DESCRIPTION OF THE TASK —
Leave out any pictures and transcribe all other data below exactly.

COLLECTED DATA —

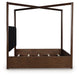 Casual contemporary styling with a decidedly modern vibe. Bathed in a rich dark brown finish, this queen canopy bed is warm and inviting. Its integrated “X” canopy and full wrap-around rails set to the floor adorn your restful retreat with on-trend elegance. Dual USB charging on both sides of the upholstered headboard is a subtly cool way to keep your electronics at the ready. What a simply stunning way to achieve the bedroom of your dreams.
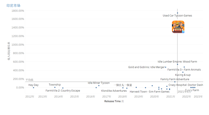 在巴西和印尼市场,一款于 2021 年 6 月发布的出海模拟经营产品《Used Car Tycoon Games》均获得了超过 1000% 的收入同比增长率,虽然增长率惊人,但实际 2022 年在两个市场的内购收入大致仅为 6 万美金,但 DAU 在 4 万左右,这在 DAU 均值只有 1 万的巴西模拟经营市场,已经算很活跃的产品了,因此游戏采用了 IAP+IAA 的混合变现模式。《Used Car Tycoon Games》来自成都一家名为魂动天下的厂商。
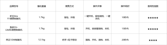测评方法:亲自搬运3款制氧机,感受机身重量和便携性,尝试独立完成开机、调档、关机、充电等操作,记录操作步骤和耗时,同时测试出门携带时的便捷度(是否能放入背包、是否方便拎取)。

ANSWER TO THE PROBLEM —
 Casual contemporary styling with a decidedly modern vibe. Bathed in a rich dark brown finish, this queen canopy bed is warm and inviting. Its integrated “X” canopy and full wrap-around rails set to the floor adorn your restful retreat with on-trend elegance. Dual USB charging on both sides of the upholstered headboard is a subtly cool way to keep your electronics at the ready. What a simply stunning way to achieve the bedroom of your dreams.
 在巴西和印尼市场,一款于 2021 年 6 月发布的出海模拟经营产品《Used Car Tycoon Games》均获得了超过 1000% 的收入同比增长率,虽然增长率惊人,但实际 2022 年在两个市场的内购收入大致仅为 6 万美金,但 DAU 在 4 万左右,这在 DAU 均值只有 1 万的巴西模拟经营市场,已经算很活跃的产品了,因此游戏采用了 IAP+IAA 的混合变现模式。《Used Car Tycoon Games》来自成都一家名为魂动天下的厂商。
测评方法:亲自搬运3款制氧机,感受机身重量和便携性,尝试独立完成开机、调档、关机、充电等操作,记录操作步骤和耗时,同时测试出门携带时的便捷度(是否能放入背包、是否方便拎取)。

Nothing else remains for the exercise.